If you haven’t seen any film in the Final Destination franchise, you’re in luck. Go buy a ticket for Final Destination 5, watch the entire film, and then stay for the start of the end credits. At that point, you will be treated to a montage of just about every death scene in each of the previous four films — every single death scene projected up on the screen in all their blood-soaked, painful, laughably preposterous glory. And in 3D, too. You have officially saved yourself the time and effort of having to go back and catch up on the story thus far, which is only fitting since I’m assuming you’re of the demographic that wouldn’t give two severed heads or an impaled heart about the plot or the characters. You just have to sit back, relax, and watch the blood spray and the brains splatter into your field of vision, along with a lot of shattered glass.

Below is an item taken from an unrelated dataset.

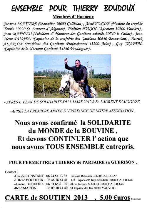 C’est Monsieur Gérard Gayaud, maire de Vauvert, qui avec son sens de la formule a resumé le sens de la réunion : "Je n’ai jamais autant souhaité qu’une association disparaisse ; sa disparition marquera la guérison de Thierry Boudoux !"

Even before going to see The Final Destination back in 2009, I knew it would not be end of these films. Here’s a quick passage from my own review: The insinuation is that The Final Destination is the last in the series, but I’ve repeatedly observed that the word “final” is meaningless when it comes to a popular horror franchise (Friday the 13th used it twice, and they were proven wrong both times). I was indignant back then, mostly because of the insistent 3D effects, the repetitive and over-the-top death scenes, and the complete lack of character development. I’m not recommending Final Destination 5 — the 3D is still insistent, the death scenes are even more over-the-top, and the characters are still faceless victims waiting their turn to die on cue — but I concede that I feel a bit more forgiving this time. Perhaps it’s not about content but about the mood you happen to be in.
This film represents a trend a lot of horror franchises follow, namely the slow, steady shift in tone from dark and mysterious to laugh-out-loud campy. The original Final Destination had some genuinely frightening moments, and actually drew audiences in with its examination of fate, precognition, and mortality, preposterous though it all was. Now that we’ve reached the fifth chapter, the plot has become a clothesline on which to hang scene after scene of elaborately staged deaths, some happening in the most unlikely of places; in the course of this movie, we will have witnessed people meeting their ends in a laser eye-surgery clinic, a gymnasium, and a health spa, where acupuncture needles and a big, heavy statue of Buddha get involved. In all cases, the filmmakers have taken extra care to be disgusting. Take, for example, a girl that falls to her death from a window. It’s not enough that she smashes into a parked car and lands on the asphalt – her eyeball rolls directly toward the camera. And then a car runs over it.
The setup should be familiar by now. A group of friends (1) cheat death when one of them has a vision of their demise, and (2) is systematically hunted down according to the order they were supposed to die in. This time around, the hapless clairvoyant is a young aspiring chef named Sam (Nicholas D’Agosto); suddenly, and quite unexplainably, he foresaw the collapse of a suspension bridge while he and his co-workers were on it, specifically on a bus transporting them all to a retreat. In both the premonition and the actual event, the destruction is spectacular. I could have lived without the shot of a girl falling and getting impaled through the chest by a boat’s mast, but then again, that’s just me.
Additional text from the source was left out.